YOU

It is Monday morning and I am at work. Waking up for the start of the work week is always difficult, but I am glad that I do not have a sense of dread (not like when I was in DM). I thought about the decisions one makes everyday, and what makes a person happy and successful, as in what makes "YOU" as a person. I have enough years in me to know the consequences of good decisions, and those of bad decisions. And where you are did not happen overnight.

Good decisions
After years of trying and fighting internally about whether to follow my passion, or settle for stability, I am at last on the straight path. Will it last? Only time will tell. But what is for sure is that you can never cheat yourself (Maybe some can, but I can't. Believe me, I have tried).

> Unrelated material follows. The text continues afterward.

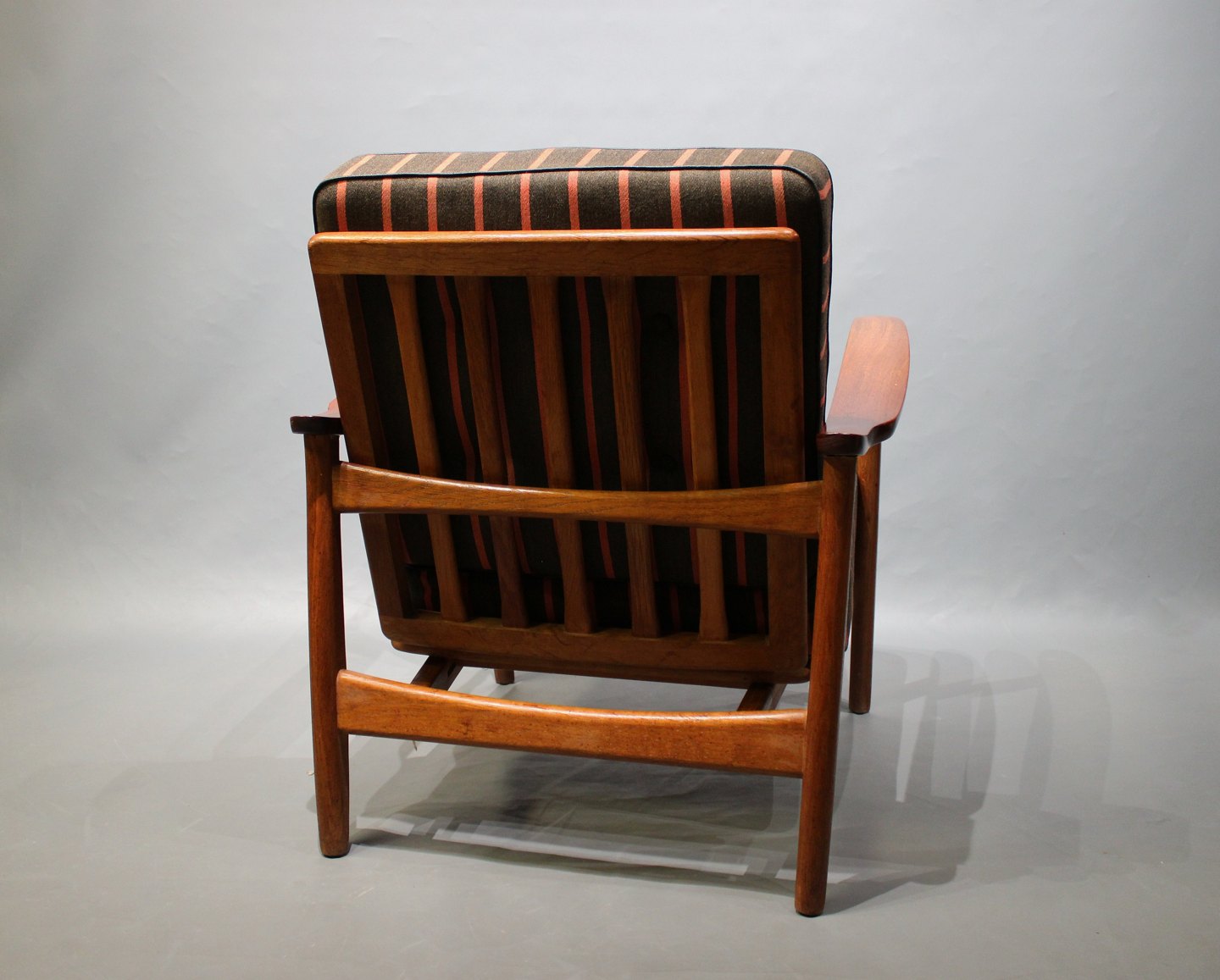 Beskrivelse: Et par hvilestole i teak og mørke gråt uld betræk med røde striber. Stolene er af dansk design fra 1960erne og er i flot brugt stand.

And I realized that deep down, it isn't any big sweeping events that got me here. It was the little things. Doing some photoshop tutorials on an off day. Toying with Zbrush and trying to do something with it. Designing something that you did not care if anyone but you were happy with it. Those moments led me to where I am now. Sure, I'm not super successful, nor am I on top row of zbrush. But I know I can get there. I defined my goal as "being able to show whatever is in my mind to someone else without letting the idea down with poor presentation". In some way I have done this. I have proven that I CAN do it. I just haven't proven that I can do it FAST ENOUGH and CONSISTENTLY enough. Well, that's my next goal.

Bad decisions
Well, the one that comes to mind is letting myself get fat and depressed. Skipping exercise for a week, then months. I let my health slip and never quite got back there. Little things like eating a serving of fruit each day will help. But I really need to get more exercise for me.